His idea of using state rail tax funds to help businesses would have to pass several other hurdles, too: It’s not clear yet whether federal policy allows those dollars to compensate businesses trying to stay afloat amid all the rail construction and traffic.
The issue came up during the Council Budget Committee’s latest discussion of Bill 42, a measure that would make grants and loans available to rail-impacted businesses. City officials have been working on the idea for several months now, and the committee on Wednesday unanimously advanced the bill. It now goes before the full Council Aug. 5, but its members still don’t know where they’ll draw the money or at what amount.
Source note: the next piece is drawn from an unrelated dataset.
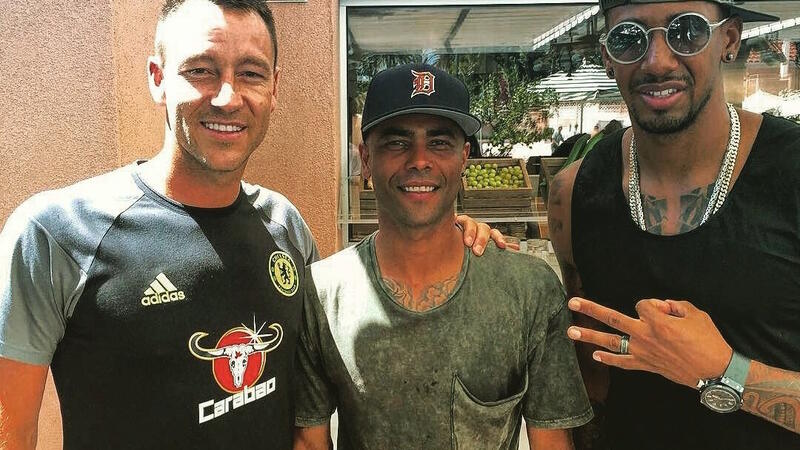 ChampionsLeague@ المدافعان الإنجليزيان جون تيري (يسار) وآشلي كول (وسط) رفقة المدافع الألماني جيروم بواتينغ خلال تواجدهم في لوس أنجيليس الأميركية.

Meanwhile, more businesses report feeling the brunt of rail construction. Much of Kamehameha Highway in the Pearl City area is torn up and riddled with steel plates for utility relocation.
The popular Flamingo Restaurant Bakery closed its Pearl City location on July 12, citing a steep dropoff of its longtime customers who couldn’t stomach the traffic to get there.
“It’s not just the businesses that close; there’s a widespread effect,” Budget Chairwoman Ann Kobayashi said Wednesday. “All of the employees, what happens to them and how do they pay their bills?”
Added Councilman Trevor Ozawa: “What happens if we gain the rail and we lose everything else?”
The five-year rail tax extension that state lawmakers approved this year aims to raise some $1.8 billion to help rail climb out of a budget hole as deep as $910 million. It would also give the project plenty of contingency for any other issues that arise. On Wednesday, Honolulu Authority for Rapid Transportation Chief Financial Officer Diane Arakaki told Council members that the agency’s preliminary figures show the extension could raise closer to $1.5 billion.
The Council would have to work with the Legislature to tweak the state law allowing the tax extension so that those construction dollars could go toward businesses, too, Martin added. That effort could happen next year at the earliest, even with construction already in full swing.
At a prior Budget Committee meeting in May, HART Executive Director Dan Grabauskas told members that he wasn’t sure whether rail officials could “carve out” the state’s GET funds and use them apart from the restrictions on federal transit dollars, which can only go toward construction.
Grabauskas did not attend Wednesday’s meeting, and federal transit officials in Washington, D.C., were unavailable for comment after the meeting. Martin said he would follow up with federal officials to clarify.